Why R for data science – and not Python?

There are literally hundreds of programming languages out there, e.g. the whole alphabet of one letter programming languages is taken. In the area of data science there are two big contenders: R and Python. Now why is this blog about R and not Python?

I have to make a confession: I really wanted to like Python. I dug deep into the language and some of its extensions. Yet, it never really worked for me. I think one of the problems is that Python tries to be everybody’s darling. It can do everything… and its opposite. No, really, it is a great language to learn programming but I think it has some really serious flaws. I list some of them here:

  • It starts with which version to use! The current version has release number 3 but there is still a lot of code based on the former version number 2. The problem is that there is no backward compatibility. Even the syntax of the print command got changed!
  • The next thing is which distribution to chose! What seems like a joke to R users is a sad reality for Python users: there are all kinds of different distributions out there. The most well known for data science is Anaconda: https://www.anaconda.com/. One of the reasons for this is that the whole package system in Python is a mess. To just give you a taste, have a look at the official documentation: https://packaging.python.org/tutorials/installing-packages/ – seven (!) pages for what is basically one command in R: install.packages() (I know, this is not entirely fair, but you get the idea).
  • There are several GUIs out there and admittedly it is also a matter of taste which one to use but in my opinion when it comes to data scientific tasks – where you need a combination of on-line work and scripts – there is no better GUI than RStudio (there is now Rodeo, free download here: https://www.yhat.com/products/rodeo, but I don’t know how mature it is).
  • There is no general rule when to use a function and when to use a method on an object. The reason for this problem is what I stated above: Python wants to be everybody’s darling and tries to achieve everything at the same time. That it is not only me can be seen in this illuminating discussion where people scramble to find criteria when to use which: https://stackoverflow.com/questions/8108688/in-python-when-should-i-use-a-function-instead-of-a-method. A concrete example can be found here, where it is explained why the function any(df2 == 1) gives the wrong result and you have to use e.g. the method (df2 == 1).any(). Very confusing and error prone.
  • More sophisticated data science data structures are not part of the core language. For example you need the NumPy package for vectors and the pandas package for data.frames. That in itself is not the problem but the inconsistencies that this brings. To give you just one example: whereas vectorized code is supported by NumPy and pandas it is not supported in base Python and you have to use good old loops instead.
  • Both Python and R are not the fastest of languages but the integration with one of the fastest, namely C++, is so much better in R (via Rcpp by Dirk Eddelbuettel) than in Python that it can by now be considered a standard approach. All R data structures are supported by corresponding C++ classes and there is a generic way to write ultra fast C++ functions that can be called like regular R functions:
  • library(Rcpp)
    
    bmi_R <- function(weight, height) {
      weight / (height * height)
    }
    bmi_R(80, 1.85) # body mass index of person with 80 kg and 185 cm
    ## [1] 23.37473
    
    cppFunction("
      float bmi_cpp(float weight, float height) {
        return weight / (height * height);
      }
    ")
    bmi_cpp(80, 1.85) # same with cpp function
    ## [1] 23.37473
    

    One of the main reasons for using Python in the data science arena is shrinking by the day: Neural Networks. The main frameworks like Tensorflow and APIs like Keras used to be controlled by Python but there are now excellent wrappers available for R too (https://tensorflow.rstudio.com/ and https://keras.rstudio.com/).

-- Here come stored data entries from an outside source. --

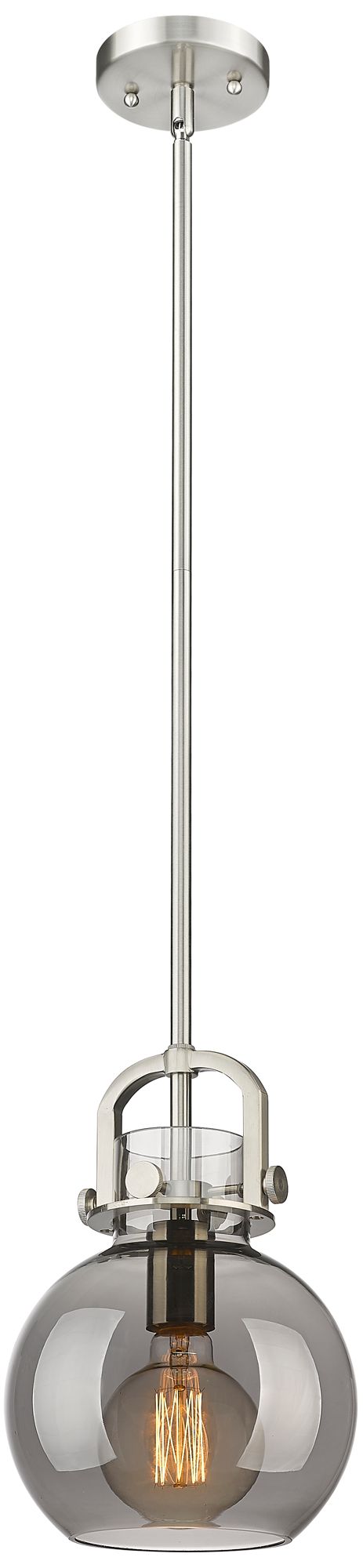 Newton Sphere 8" Wide Stem Hung Satin Nickel Pendant With Smoke Shade
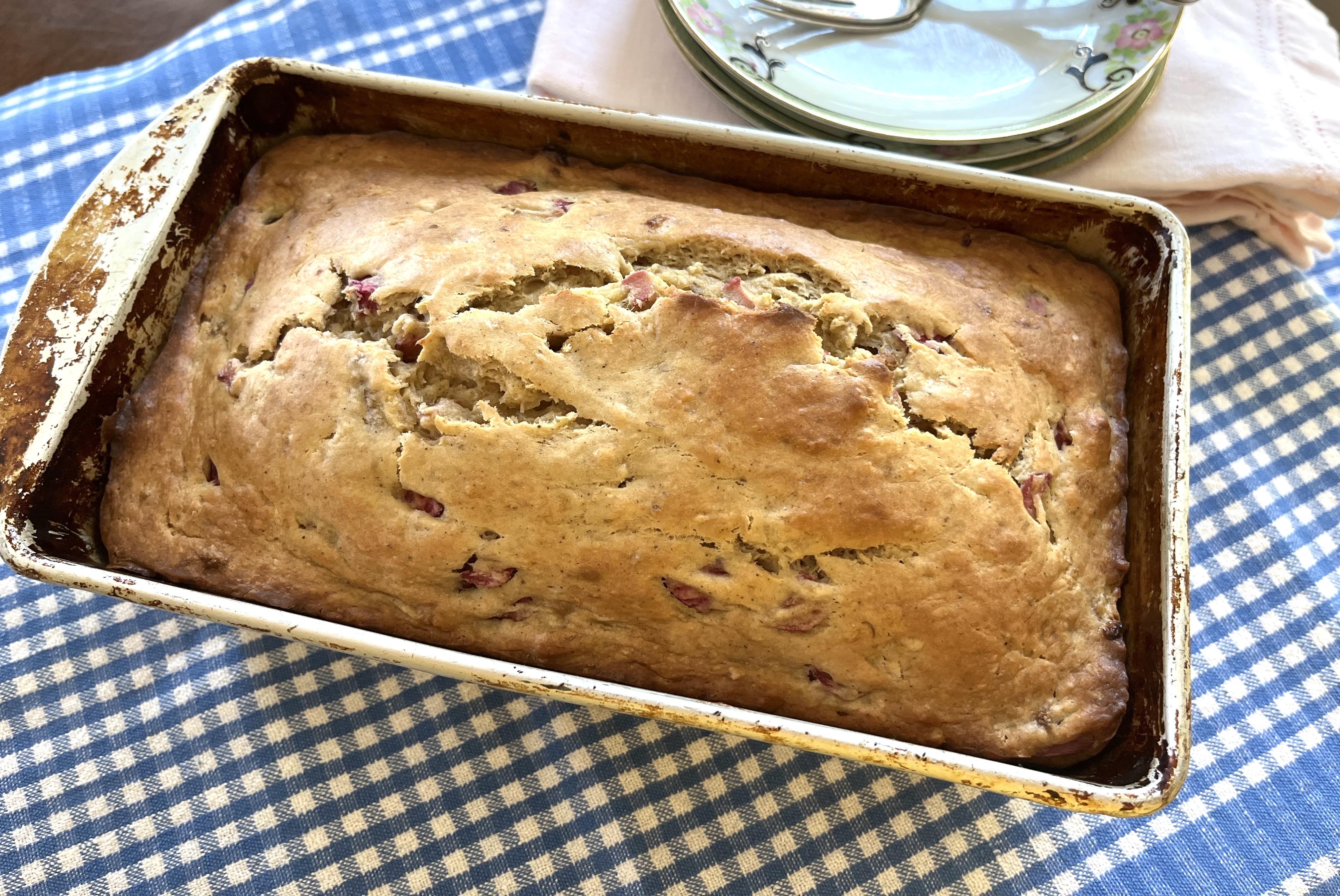 My friend Pam is a multi-talented woman. She enjoys a stunning alto solo voice; cooks like a fiend; entertains largely and comfortably; cultivates a wry wit; is an avid reader; makes a devoted wife, mom, church member, and friend; plays a mean piano, and –the thing I might most envy– is the epitome of organization. What most people don’t know about Miss Pam is she’s also a fine gardener who loves and generously shares the bounty of her craft. While summers here in the front range are late and short with cool nights, she still manages to get a crop or two in each year despite two black Labrador retrievers romping all over her big backyard. Best sous and husband Dave and I are often the recipients of her largesse when the weather warms and the other day Pam’s husband Lee drove over for a visit toting some of her rhubarb along as a gift to us. As rhubarb keeps pretty darned well in the fridge, I didn’t worry about using it quickly. Needing a snack on the not-too-sweet side yesterday, though, I soon heard that rhubarb calling my name, whispering, “bake, bake, bake…” and pulled it out to see just exactly how much she’d sent. To be on the safe side, I chopped it up and measured it to find I easily had a cup plus. Not enough for a pie or a cobbler, there was plenty for a simple cake or quick bread if I included another fruit in the mix. With a side-eyed sniff at the counter, it was apparent the partner needed to be bananas. Then again, I’d never heard of rhubarb and bananas. You? Turns out: It’s a match made in heaven.
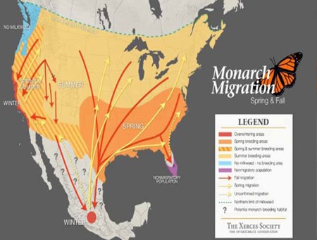 Las mariposas Monarca, hacen un largo viaje desde Canadá a los bosques de Michoacán y al estado de México. Ellas se orientan comparando la posición del Sol con la hora del día, que les indica un reloj biológico que tienen en una de sus antenas. Como insectos que son, no pueden controlar su calor; por eso deben que llegar a los bosques de Oyamel en las sierras de Michoacán, donde la temperatura es ideal para que no se congelen, ni se activen demasiado y gasten sus reservas de grasa que necesitaran para regresar al norte al final del invierno. En su ruta migratoria, cada otoño las mariposas Monarca atraviesan San Luis Potosí y se les puede ver volando cerca del suelo, viajando siempre en dirección sur oeste.
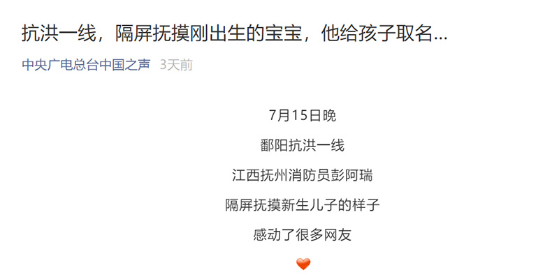 總臺(tái)中國(guó)之聲微信公眾號(hào)報(bào)道:抗洪一線,隔屏撫摸剛出生的寶寶,他給孩子取名…

    All in all I think that R is really the best choice for most data science applications. The learning curve may be a little bit steeper at the beginning but when you get to more sophisticated concepts it becomes easier to use than Python.

    29 thoughts on “Why R for data science – and not Python?”

    1. Why do you even need to introduce a competitive stance, Python OR R, Python v.s. R? Each has pros and cons, but it’s comparing apples and oranges because the use cases are so different. Someone who likes Python could just as easily write a “Why Python for Data Science and not R” post, and it serves no good other than to get people arguing, akin to how one might over “vim vs. emacs.” Maybe it’s better to do data science, and share what you do, instead of fueling another “My favorite software is better than your favorite software” fire?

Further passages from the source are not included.